В этом саду приказчик Ечкин, высокий и стройный, в длинном сюртуке, поднимает меня на руки, позволяя рвать большие желтые сливы, которые я тут же и ем. Другой приказчик, молодой еще, Ларион Прянишников (впоследствии известный художник) устраивает мне в зале корабль: опрокидывает стол, делает парус из скатерти, а я сажусь и еду в другие страны… А то Анна Остапова, моя тетка, молодая красавица восточного типа, в пышном кринолине и в локонах, читает мне стихи, а моя мать у окна играет на арфе…
Шести лет я был смертельно влюблен в тетю Аню. Ах, как мне нравилось гулять с ней в Кускове, где у нас была большая дача! От тети Ани упоительно пахло духами… Помню церковь, толпу людей и ее, в тюлевом платье, покрытую тюлем, с белыми искусственными цветами… Она наклонилась и поцеловала меня. В руках у нее была большая свеча, перевязанная золотом, с широкими лентами. Какой-то человек водил ее крэгом[323]…водил ее крэгом… — здесь и далее: значение выражения установить не удалось. перед священником. Это был Ларош (как я узнал позже), ставший довольно известным музыкальным критиком. Тогда он мне не понравился… А долго спустя[324]Так в тексте. — мне было уже больше двадцати, — я встретил его в трактире Малый Ярославец. Он пил водку и закусывал икрой в обществе композитора Чайковского и Домерщикова (заведующего постановочной частью в Большом театре). Тогда-то Ларош и сказал мне, что покойная жена его была моей тетей Аней Остаповой. Я в первый раз слышал об этом. И так сразу воскресло в памяти, как я ждал в беседке на Рогожской улице: «Отчего это не идет красивая тетя Аня?»
…Умер дед. Огромный дубовый гроб стоял в зале. На нем лиловый покров с золотою каймой. Сколько духовенства! Весь дом набит народом, а во дворе полно ямщиков — на них ярко-синие кафтаны и цветные кушаки…

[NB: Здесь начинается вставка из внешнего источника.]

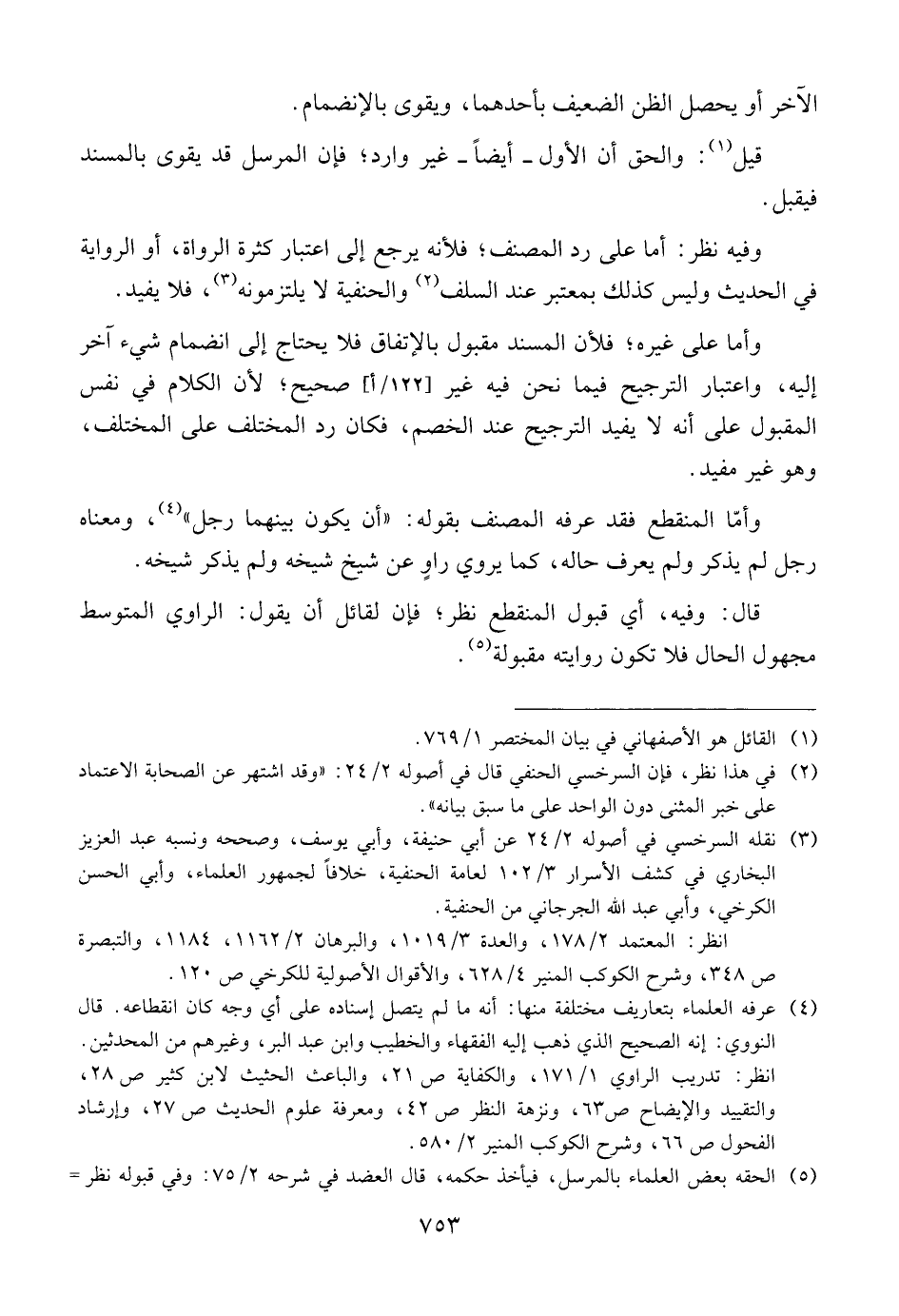 وفيه نظر: أما على رد المصنف؛ فلأنه يرجع إلى اعتبار كثرة الرواة، أو الرواية في الحديث وليس كذلك بمعتبر عند السلف والحنفية لا يلتزمونه، فلا يفيد.

Я ехал на кладбище с отцом и матерью. Белая лошадь наша, которую я кормил сахаром, называлась Сметанка. Помню мысли мои, когда деда засыпали землей: «Ну, зачем это так? Не будет больше дед мне и брату игрушек дарить…»
А по возвращении домой было скучно. Я рассказал зайцу, — который, если вертеть ручку, бил лапами в золотой барабан, — что дед, вот, умер, — и горько заплакал. Заплакал и заяц…
За садом тянулись огромные дворы с сараями. В сараях и на дворах стояли большие экипажи. Их было много: все кареты-дормезы. Но вот стал я замечать, давно что-то в них не запрягали лошадей. И на дворах не трубила утренняя труба, и ямщиков не видать, и не поют они песен, которые слушать было для меня отрадой. Скучно стояли пустые дормезы с большими колесами, покрытые пылью.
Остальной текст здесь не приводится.